Baduk game (known also as Go game) serviced in Hangame.com. Multi-Baduk project focuses on global services in China, Japan and United States, as well as Korea. It also contains multimedia features such as on-line lectures, real-time relay broadcasting, and advertisement.
|HanJanggi (Korean Chess) Game, NHN Corp. |
This is Korean traditional Chess-like game, also serviced in Hangame.com. For this service, I am in charge of general maintenance, periodic updates, and server platform control.
|Online Broadcasting System, NHN Corp. |
For a game relay service, we built an online broadcasting system, making use of a Linux-based open source Icecast. A proxy server for load balancing purpose and frame editing functions were implemented on original version of Icecast.

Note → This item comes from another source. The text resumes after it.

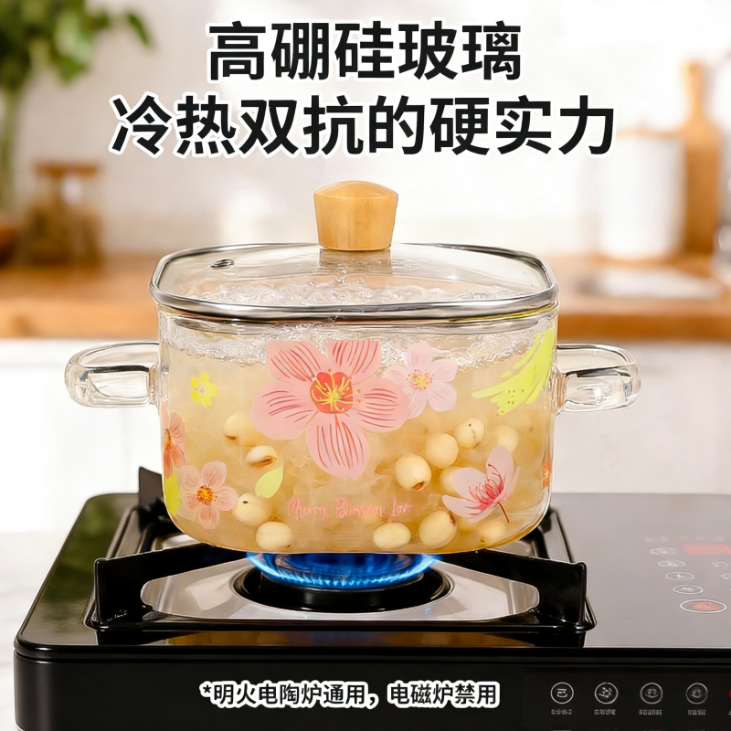 高硼硅玻璃炖锅双耳设计花朵图案带盖汤煲高颜值复古耐高温防爆碗
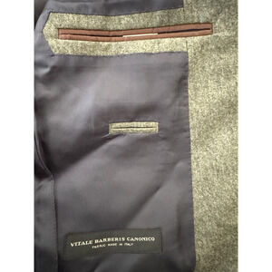 J. Crew Ludlow Slim-Fit Blazer - Gray Heathered Italian Wool Flannel by Vitale Barberis Canonico Size: 38R (see measurements below) Features: * Collar with notch lapels * 2-button closure; 4-button cuffs * Chest welt pocket; dual flap pockets * Double vented * 100% wool; lining is 100% cupro * Style no. 30139 * Like-new condition Measurements: * Shoulder-to-shoulder 17" * Chest 40" * Waist 37" * Sleeve length 25" * Shoulder-to-hem length 30"

|Video Editor for Network Camera, TechnoVision Inc.|
I developed a video editor for recorded files from network camera using H.264 Codec. This program includes following functions: cutting several frames from many clips, merging them to one file, saving still-cuts, and filtering images.
|Real-Time Motion Tracking using Omni-Directional PTZ Camera, TechnoVision Inc. |
Motion tracking project, which observes and detects moving objects using a sensor, then tracks and records them using an omni-directional PTZ network camera on the ceiling. As a software engineer, I devised an efficient algorithm to distinguish each moving object, even when they are overlapped and separated again.
|Unified Monitoring System for Sewer Pipe, TechnoVision Inc.|
I participated in a project for gathering data on all sewer pipes in the country and for analyzing them. My role was developing a module analyzing data on precipitation and net flow of sewer pipes as well as visualizing the result. Optimization was the key issue because this application was on real-time basis.